::: INFORMATION SHOWN :::
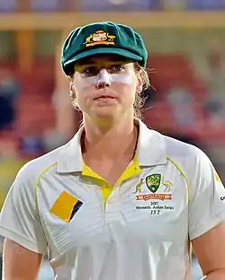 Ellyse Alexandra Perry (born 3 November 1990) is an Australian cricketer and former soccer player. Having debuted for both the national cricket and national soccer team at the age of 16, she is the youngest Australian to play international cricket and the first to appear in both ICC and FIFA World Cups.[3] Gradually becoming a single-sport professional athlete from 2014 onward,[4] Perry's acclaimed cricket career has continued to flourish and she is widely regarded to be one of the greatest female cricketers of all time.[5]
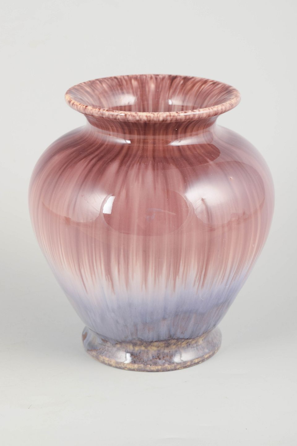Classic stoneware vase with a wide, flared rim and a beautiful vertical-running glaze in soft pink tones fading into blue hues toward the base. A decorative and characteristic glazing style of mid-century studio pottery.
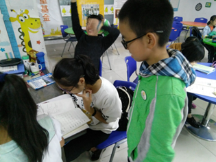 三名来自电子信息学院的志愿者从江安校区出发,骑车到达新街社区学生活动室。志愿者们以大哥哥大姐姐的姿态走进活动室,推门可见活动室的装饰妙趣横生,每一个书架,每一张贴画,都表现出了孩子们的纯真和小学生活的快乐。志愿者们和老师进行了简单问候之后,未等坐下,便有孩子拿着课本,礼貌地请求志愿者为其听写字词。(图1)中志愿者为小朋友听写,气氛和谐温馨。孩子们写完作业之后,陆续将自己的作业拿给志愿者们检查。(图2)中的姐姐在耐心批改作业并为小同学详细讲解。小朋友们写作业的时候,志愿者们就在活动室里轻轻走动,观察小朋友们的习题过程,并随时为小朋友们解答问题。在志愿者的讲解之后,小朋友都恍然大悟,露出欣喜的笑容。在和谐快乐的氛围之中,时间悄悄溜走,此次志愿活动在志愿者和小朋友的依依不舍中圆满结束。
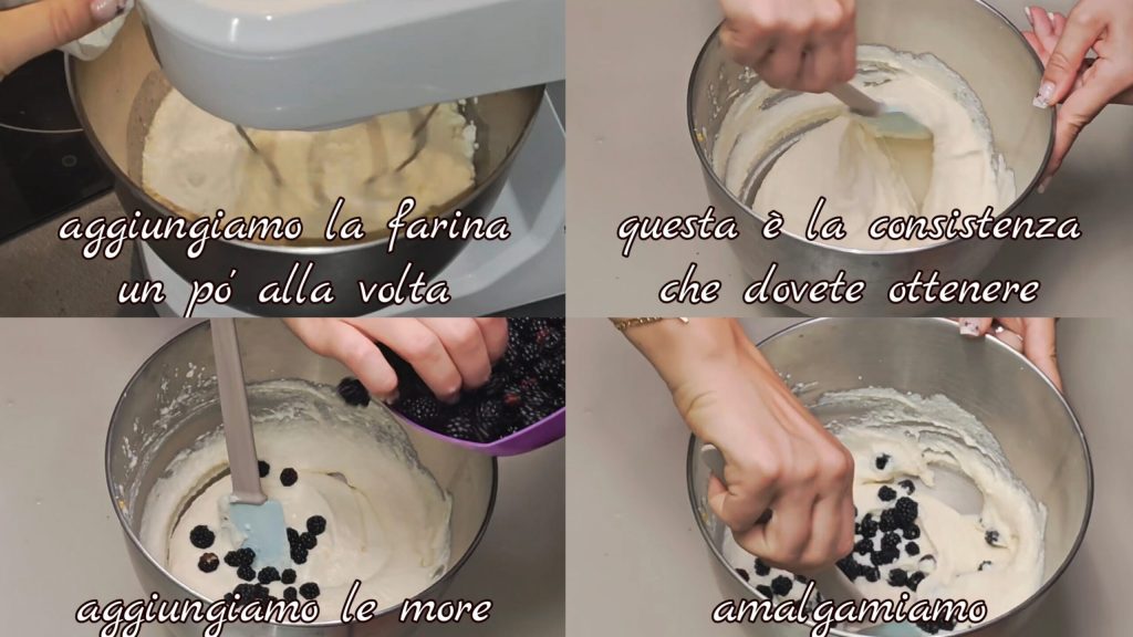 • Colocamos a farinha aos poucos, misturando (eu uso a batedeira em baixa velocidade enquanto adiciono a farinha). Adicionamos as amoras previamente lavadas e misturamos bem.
:::
WORK INSTRUCTIONS
Once the images are removed, print the remaining data exactly as it appears above.

RESULT
 Ellyse Alexandra Perry (born 3 November 1990) is an Australian cricketer and former soccer player. Having debuted for both the national cricket and national soccer team at the age of 16, she is the youngest Australian to play international cricket and the first to appear in both ICC and FIFA World Cups.[3] Gradually becoming a single-sport professional athlete from 2014 onward,[4] Perry's acclaimed cricket career has continued to flourish and she is widely regarded to be one of the greatest female cricketers of all time.[5]
Classic stoneware vase with a wide, flared rim and a beautiful vertical-running glaze in soft pink tones fading into blue hues toward the base. A decorative and characteristic glazing style of mid-century studio pottery.
 三名来自电子信息学院的志愿者从江安校区出发,骑车到达新街社区学生活动室。志愿者们以大哥哥大姐姐的姿态走进活动室,推门可见活动室的装饰妙趣横生,每一个书架,每一张贴画,都表现出了孩子们的纯真和小学生活的快乐。志愿者们和老师进行了简单问候之后,未等坐下,便有孩子拿着课本,礼貌地请求志愿者为其听写字词。(图1)中志愿者为小朋友听写,气氛和谐温馨。孩子们写完作业之后,陆续将自己的作业拿给志愿者们检查。(图2)中的姐姐在耐心批改作业并为小同学详细讲解。小朋友们写作业的时候,志愿者们就在活动室里轻轻走动,观察小朋友们的习题过程,并随时为小朋友们解答问题。在志愿者的讲解之后,小朋友都恍然大悟,露出欣喜的笑容。在和谐快乐的氛围之中,时间悄悄溜走,此次志愿活动在志愿者和小朋友的依依不舍中圆满结束。
 • Colocamos a farinha aos poucos, misturando (eu uso a batedeira em baixa velocidade enquanto adiciono a farinha). Adicionamos as amoras previamente lavadas e misturamos bem.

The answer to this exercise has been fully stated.